[Dataset records]
--- START ---
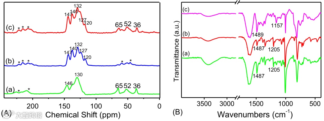 Figure 1. (A) 13C MAS NMR spectra of (a) iPAF-Cl, (b) AlPor-CMP and (c) AlPor-PIP-Cl. Asterisks (*) denote spinning sidebands; (B) FT-IR spectra of (a) iPAF-Cl, (b) AlPor-PIP-Cl and (c) AlPor-PIP-Br.
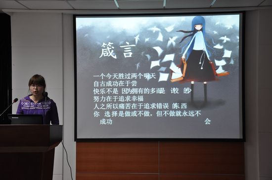 进入决赛的10个宿舍代表以幻灯片或者视频的形式进行,并伴有动听的背景音乐。各个选手分别介绍了自己的宿舍大家庭,并对宿舍的箴言进行解说,现场气氛温馨融洽。
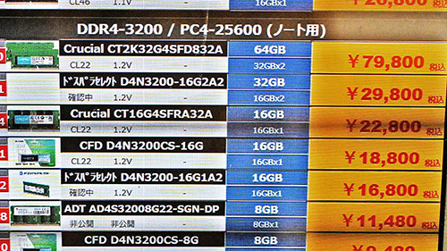 DDR4-DIMMは、「DDR4-3200」16GB×2枚組が4,520円(13.2%)安の29,800円(ADATA)に下落。ただし、3万円を切るのは1例だけで、多いのは35,000~40,000円前後だ。32GB×2枚組は69,300円(SanMax)で前回と同じだが、平均では810円(1.1%)下がっている。
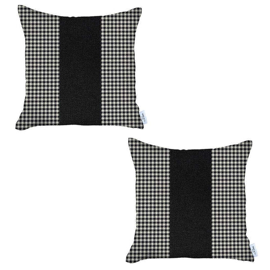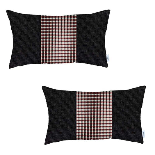 Set Of 2 Black Mid Houndstooth Lumbar Pillow Covers
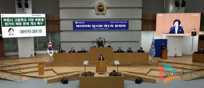 뉴스팍 배상미 기자 | 경기도의회 여성가족평생교육위원회 김동희 부위원장(더불어민주당, 부천6)은 제389회 경기도의회 임시회 제1차 본회의 5분 자유발언을 통해 부천시 고등학교 지망 추첨제 운영 과정에서 발생하고 있는 원거리 배정 문제를 지적하고 제도 개선을 강력히 촉구했다.
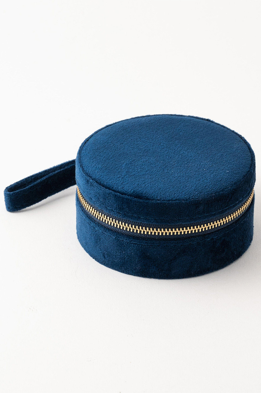 4″ Diameter x 2″ H Velvet Exterior Gold-Plated Brass Zipper & Pull
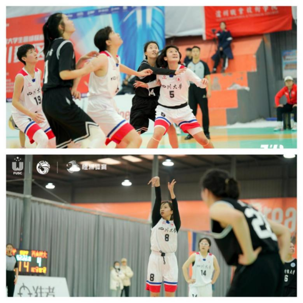 次日,川大女篮分别对战成都工业大学女篮与绵阳城市学院女篮。高强度的比赛并未影响队员们必胜的决心。经过激烈角逐,川大女篮最终取得了最后的胜利,并以小组第一的成绩挺近半决赛,为后续的比赛奠定了基础。
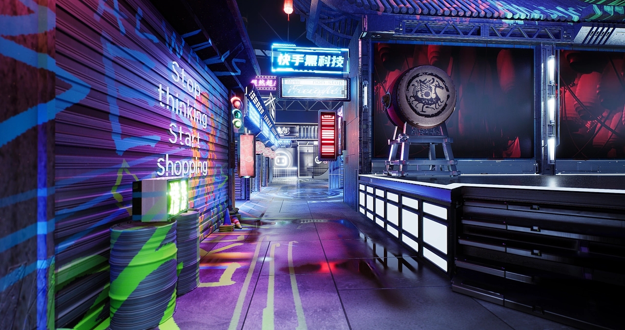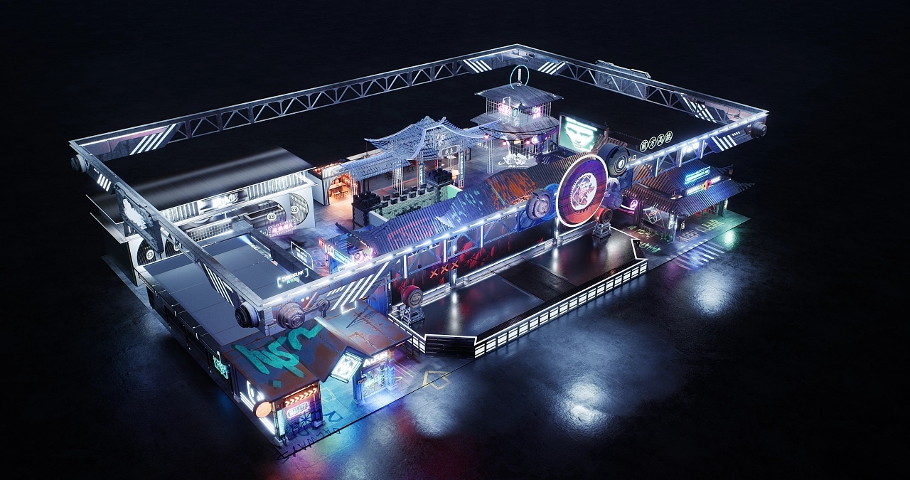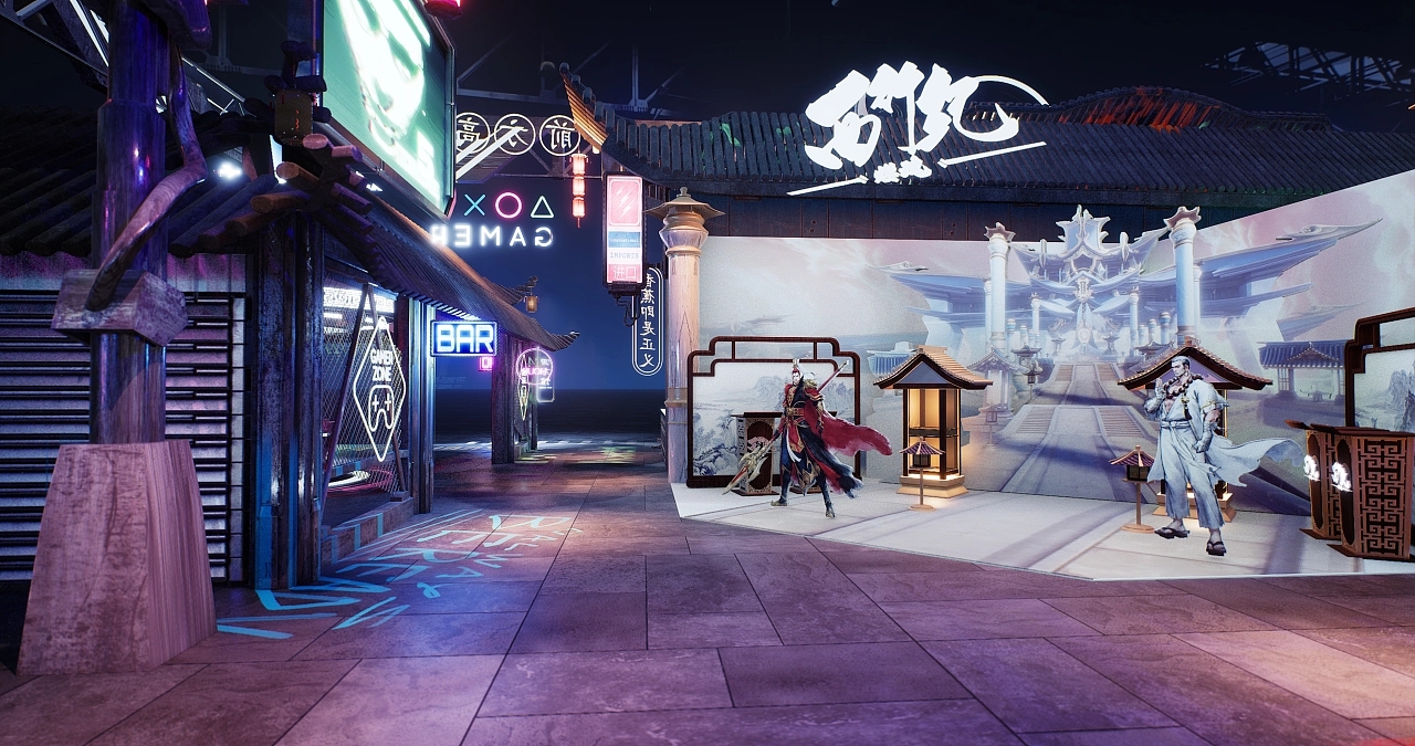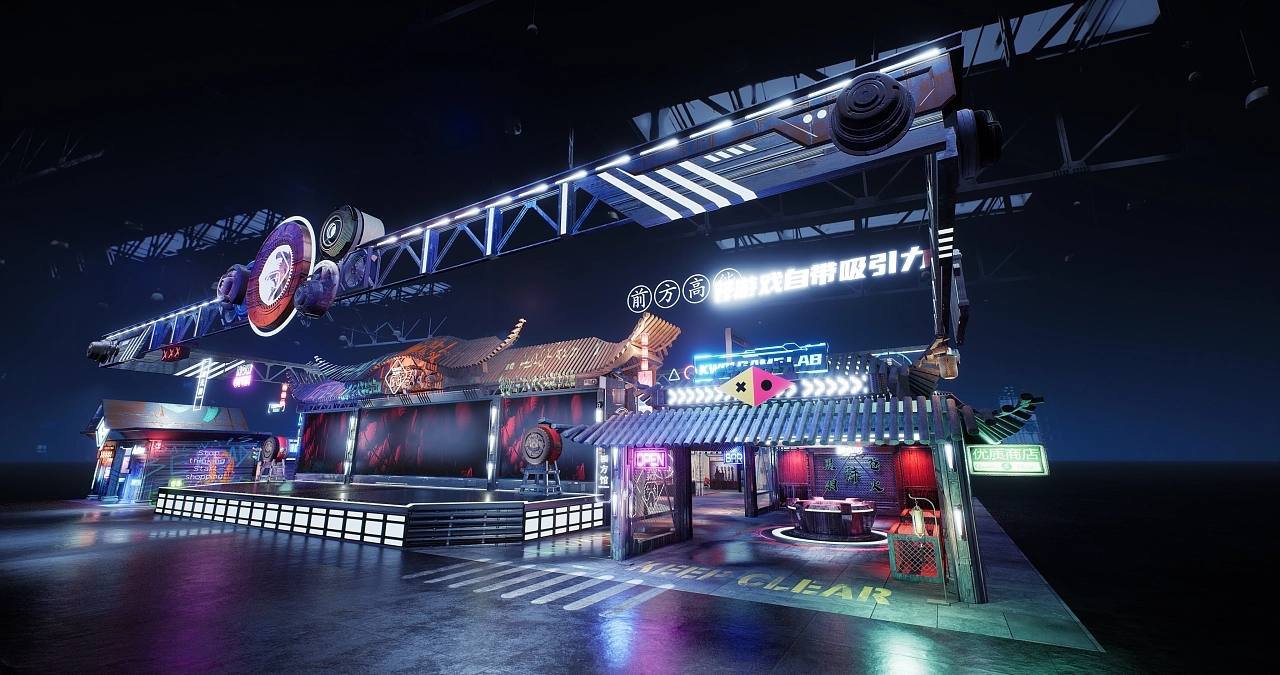 展臺設計搭建了一個國風賽博朋克式的展臺造型。不同顏色和造型的發光字交錯分布在展臺的每個角落,令參展觀眾仿若進入游戲世界當中,國風的建筑與現代感的燈光結合在一起,增加了時空的錯亂感和游戲的真實感,給人沉浸式的空間氛圍感受。
--- END ---
* YOUR INSTRUCTIONS: Your answer must be the lines from the one containing "DDR4-DIMMは、「DD" through the last line of the records, printed exactly with no pictures; please include both ends.

* ANSWER SECTION:
 DDR4-DIMMは、「DDR4-3200」16GB×2枚組が4,520円(13.2%)安の29,800円(ADATA)に下落。ただし、3万円を切るのは1例だけで、多いのは35,000~40,000円前後だ。32GB×2枚組は69,300円(SanMax)で前回と同じだが、平均では810円(1.1%)下がっている。
 Set Of 2 Black Mid Houndstooth Lumbar Pillow Covers
 뉴스팍 배상미 기자 | 경기도의회 여성가족평생교육위원회 김동희 부위원장(더불어민주당, 부천6)은 제389회 경기도의회 임시회 제1차 본회의 5분 자유발언을 통해 부천시 고등학교 지망 추첨제 운영 과정에서 발생하고 있는 원거리 배정 문제를 지적하고 제도 개선을 강력히 촉구했다.
 4″ Diameter x 2″ H Velvet Exterior Gold-Plated Brass Zipper & Pull
 次日,川大女篮分别对战成都工业大学女篮与绵阳城市学院女篮。高强度的比赛并未影响队员们必胜的决心。经过激烈角逐,川大女篮最终取得了最后的胜利,并以小组第一的成绩挺近半决赛,为后续的比赛奠定了基础。
 展臺設計搭建了一個國風賽博朋克式的展臺造型。不同顏色和造型的發光字交錯分布在展臺的每個角落,令參展觀眾仿若進入游戲世界當中,國風的建筑與現代感的燈光結合在一起,增加了時空的錯亂感和游戲的真實感,給人沉浸式的空間氛圍感受。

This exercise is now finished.